(EXERCISE MATERIALS Opens)
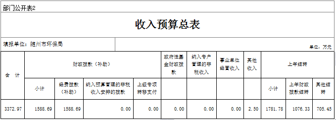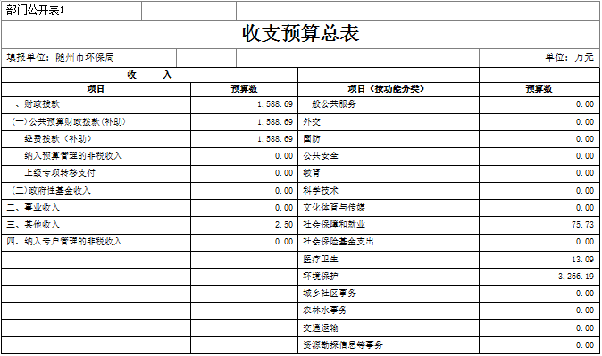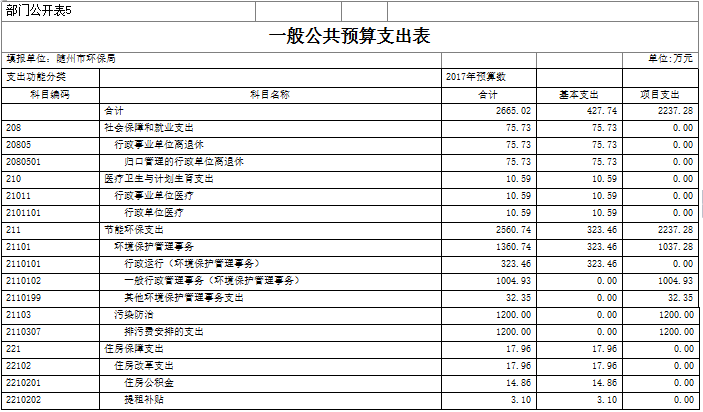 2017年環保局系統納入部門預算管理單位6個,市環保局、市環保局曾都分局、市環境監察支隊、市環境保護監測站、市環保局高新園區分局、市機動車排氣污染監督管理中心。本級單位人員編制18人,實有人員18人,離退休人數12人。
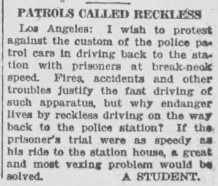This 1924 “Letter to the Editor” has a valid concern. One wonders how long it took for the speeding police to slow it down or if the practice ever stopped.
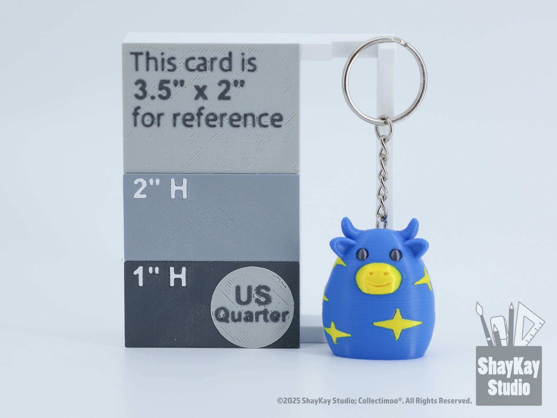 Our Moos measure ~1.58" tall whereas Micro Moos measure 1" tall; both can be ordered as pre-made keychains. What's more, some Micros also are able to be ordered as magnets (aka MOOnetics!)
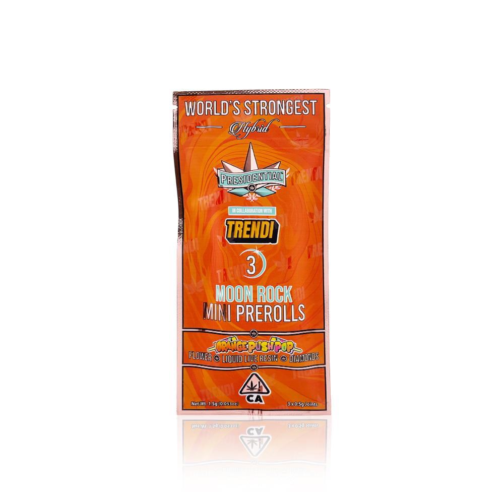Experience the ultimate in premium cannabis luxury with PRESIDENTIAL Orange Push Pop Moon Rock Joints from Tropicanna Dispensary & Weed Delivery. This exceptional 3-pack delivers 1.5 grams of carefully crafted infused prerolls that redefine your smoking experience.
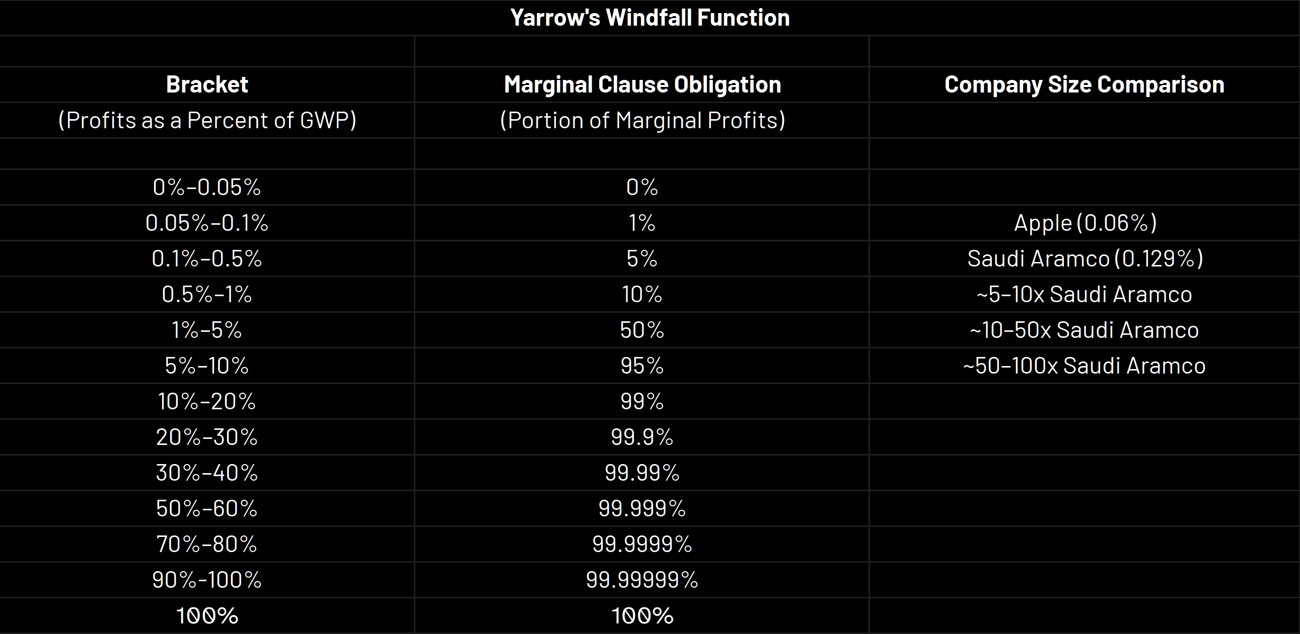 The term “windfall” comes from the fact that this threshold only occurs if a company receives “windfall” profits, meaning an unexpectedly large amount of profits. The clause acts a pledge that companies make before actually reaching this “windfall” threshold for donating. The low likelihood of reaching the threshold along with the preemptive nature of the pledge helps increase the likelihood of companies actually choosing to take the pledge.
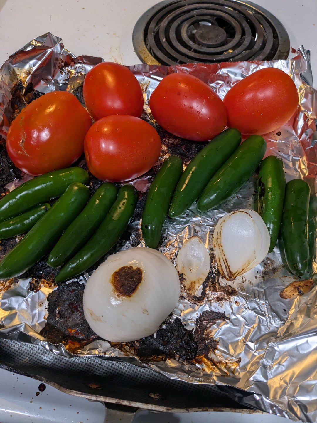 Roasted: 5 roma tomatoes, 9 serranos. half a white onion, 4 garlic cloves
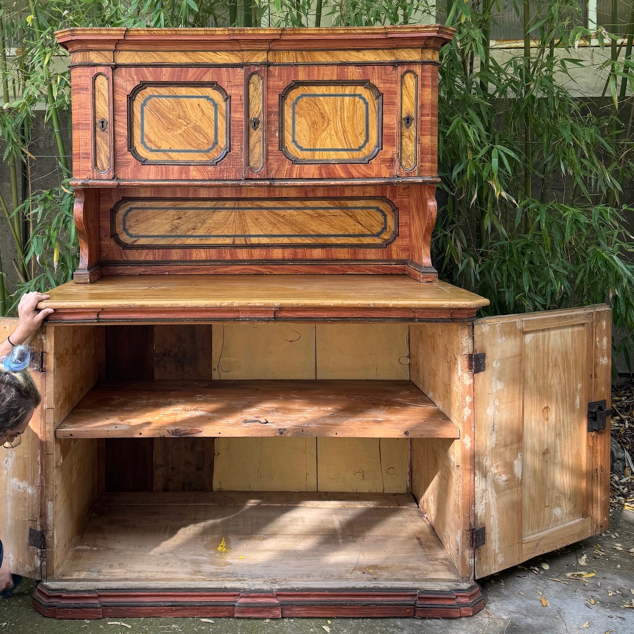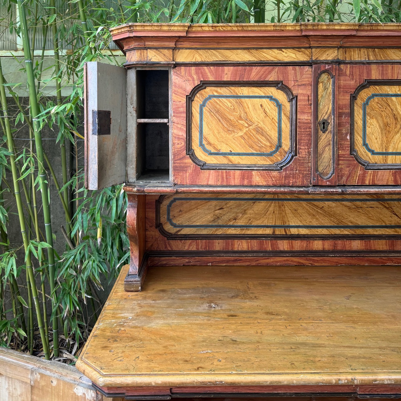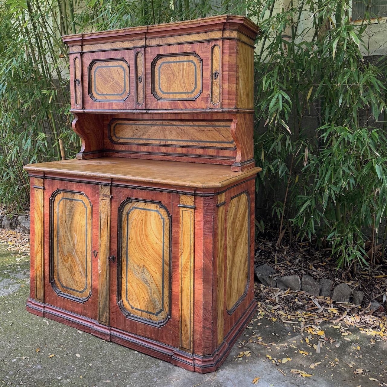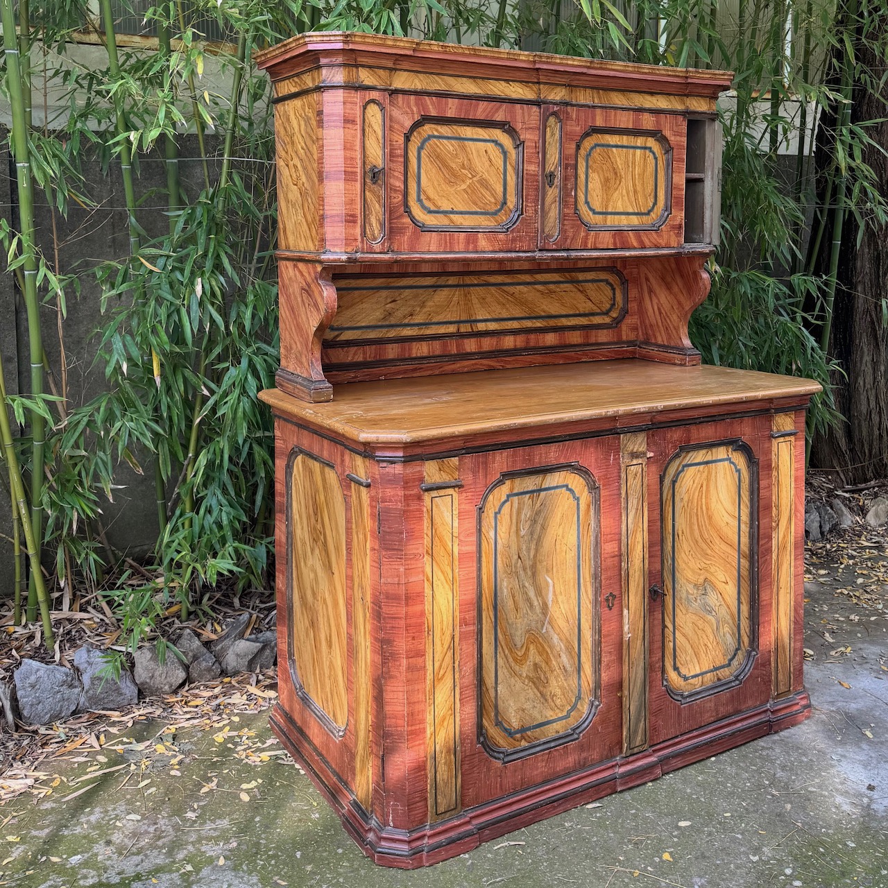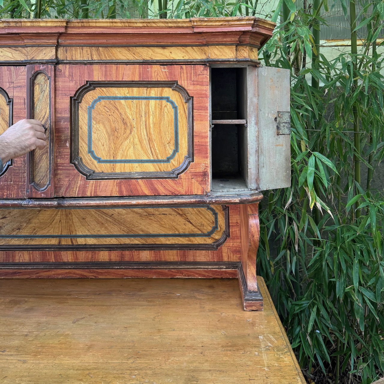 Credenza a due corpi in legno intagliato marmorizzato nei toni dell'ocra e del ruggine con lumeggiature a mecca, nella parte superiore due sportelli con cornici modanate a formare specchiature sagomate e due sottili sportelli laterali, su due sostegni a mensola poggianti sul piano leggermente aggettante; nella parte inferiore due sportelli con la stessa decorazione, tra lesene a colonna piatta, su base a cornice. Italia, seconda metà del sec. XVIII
(EXERCISE MATERIALS Closes)
(EXERCISE MATERIALS Opens)
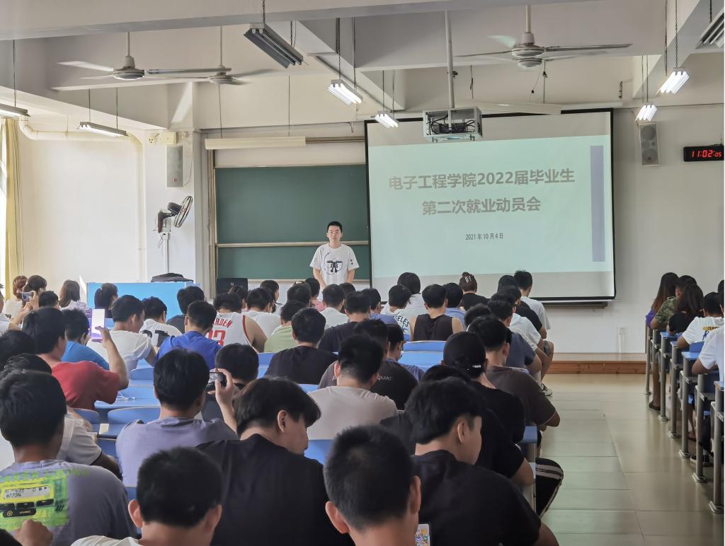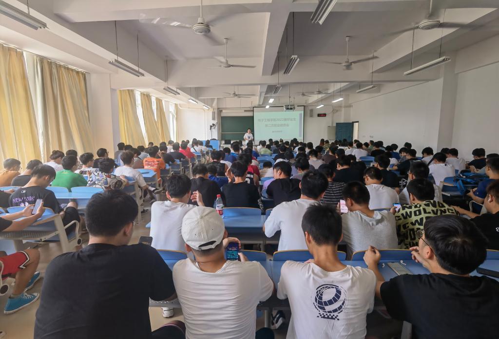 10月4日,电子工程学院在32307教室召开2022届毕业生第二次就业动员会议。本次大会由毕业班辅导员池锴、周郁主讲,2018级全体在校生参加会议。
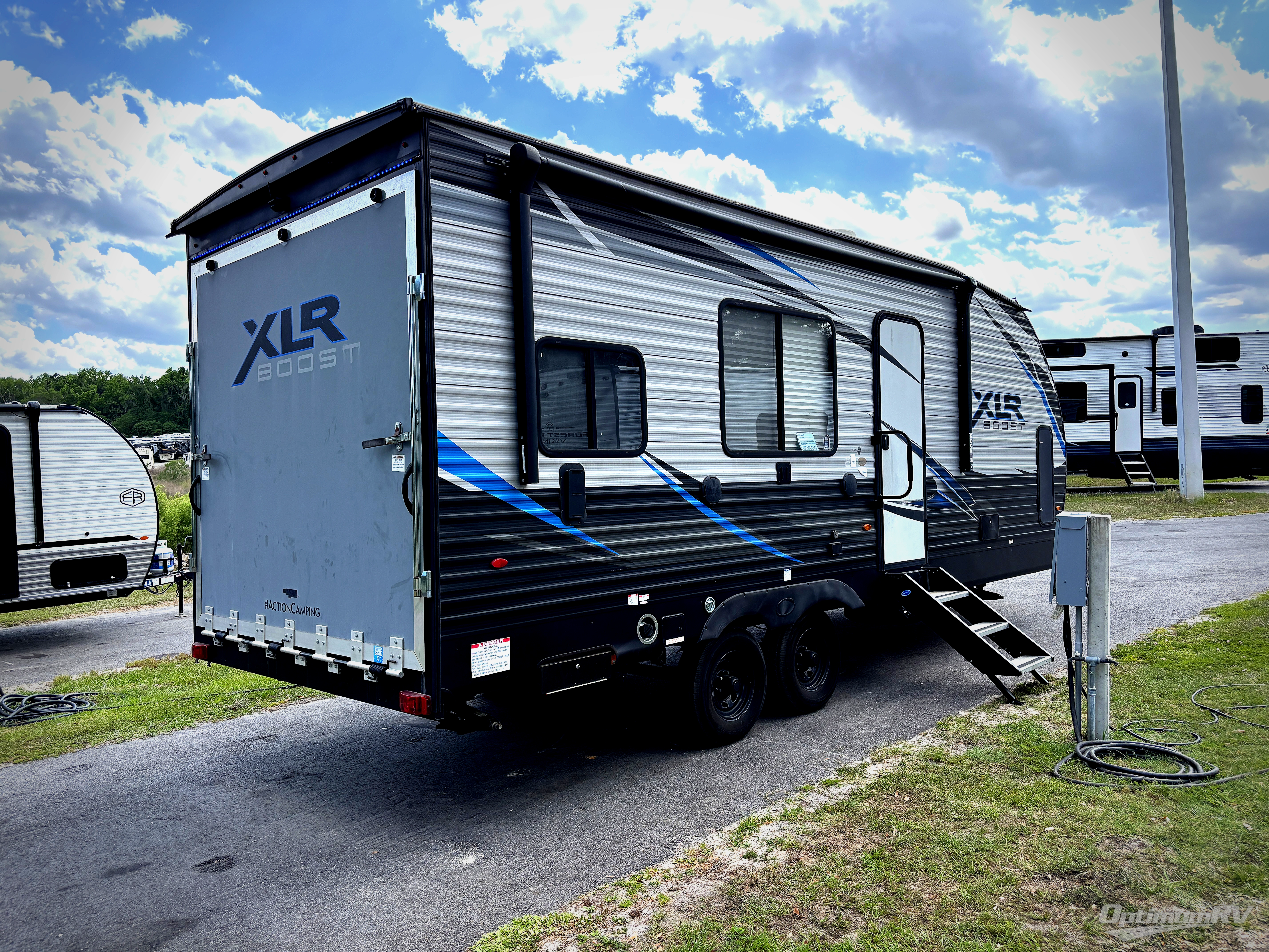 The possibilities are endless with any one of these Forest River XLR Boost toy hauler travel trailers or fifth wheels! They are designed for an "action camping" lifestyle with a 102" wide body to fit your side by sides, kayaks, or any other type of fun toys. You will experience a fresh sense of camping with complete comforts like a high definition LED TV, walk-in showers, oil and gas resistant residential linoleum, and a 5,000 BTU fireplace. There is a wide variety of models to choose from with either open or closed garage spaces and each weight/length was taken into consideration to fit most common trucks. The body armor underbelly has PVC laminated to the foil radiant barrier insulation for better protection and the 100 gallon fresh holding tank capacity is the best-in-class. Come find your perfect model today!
(EXERCISE MATERIALS Closes)
→ YOUR GOAL
The answer must be the lines above from the one containing "take the pledge." through the one containing "Roasted: 5 roma", reproduced exactly, with no pictures and nothing else.

→ ANSWER BOX
 The term “windfall” comes from the fact that this threshold only occurs if a company receives “windfall” profits, meaning an unexpectedly large amount of profits. The clause acts a pledge that companies make before actually reaching this “windfall” threshold for donating. The low likelihood of reaching the threshold along with the preemptive nature of the pledge helps increase the likelihood of companies actually choosing to take the pledge.
 Roasted: 5 roma tomatoes, 9 serranos. half a white onion, 4 garlic cloves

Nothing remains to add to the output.